U.S. and Canadian planes have been deploying sonobuoys – devices dropped into the ocean to ping their surroundings, creating a network of beacons to help triangulate items of interest – hopefully the missing Titan in this case, he said.

Deep-sea remote-operated vehicles, referred to as ROVs, are also on scene, including one with the capability of dropping to depths of about 4,000 meters. The Titan sub is believed to have gone missing in waters 3,800 meters deep.

"Sound works very much like light," Karson said. "The closer you get to something, the more details you can see."

So the closer to the sea floor, the clearer the picture, he said – but the tradeoff is that you also get a narrower view.

SEARCH FOR MISSING TITANIC TOURIST SUB CONTINUES IN RACE AGAINST TIME

So those assets are deployed in tandem with surface vessels using side-scanning sonar to pinpoint objects from above that can be investigated more closely, according to Dr. Manoj Mahajan, an associate professor at Stony Brook University and former Department of Defense official.

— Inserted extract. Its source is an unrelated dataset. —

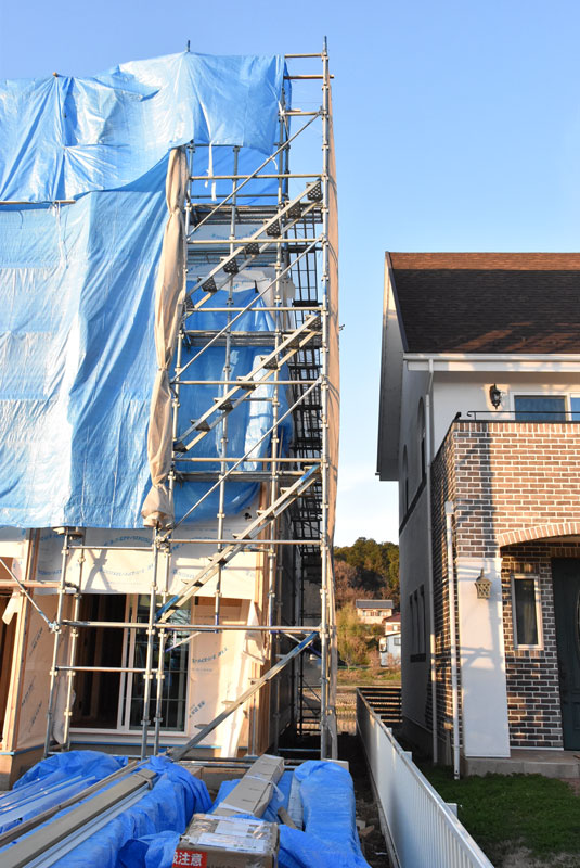 外部工事がほぼ終了し、足場が外れました。内部は主な造作が終了しましたので、これからシステムキッチンの備え付けや照明器具付けなどにかかります。

"It's an active sonar using acoustics to map the sea floor and discover anomalous objects – like a shipwreck, a plane crash or a stranded submarine," he told Fox News Digital. "But time is the main issue in this case."

And time was running out Wednesday evening as the estimated air supply on the submarine dwindled to below 12 hours.

"I hate to say it, but they could quite likely have run out of oxygen already or be extremely low," Karson said. "You can imagine that these people are stressed out to the max, hyperventilating and probably using an immense amount of oxygen."

On the other hand, he said, if they are calm or sleeping for extended periods, they would be using less oxygen.

"Myself, having made many trips to the seafloor in a submersible to do geology, it's impossible not to think about these horrible what-if scenarios," he said. "It's not pretty, but that's why there's a lot of safety factors built in to these systems."

That includes the ability to quickly drop weight and use the sub's natural buoyancy to drift upward toward the surface, he said.

"You should be able to do that with a simple turn of a wrench or something down there, but it hasn't happened," he said. "So that suggests something, either they're hung up in a very complicated way or there was some massive failure down there long ago, a couple of days ago, and there's nothing to be done."

If the vessel is intact but stuck, he said, an ROV may be able to unstick it or help it shed weight, allowing it to float to the top in as little as two hours for a surface rescue.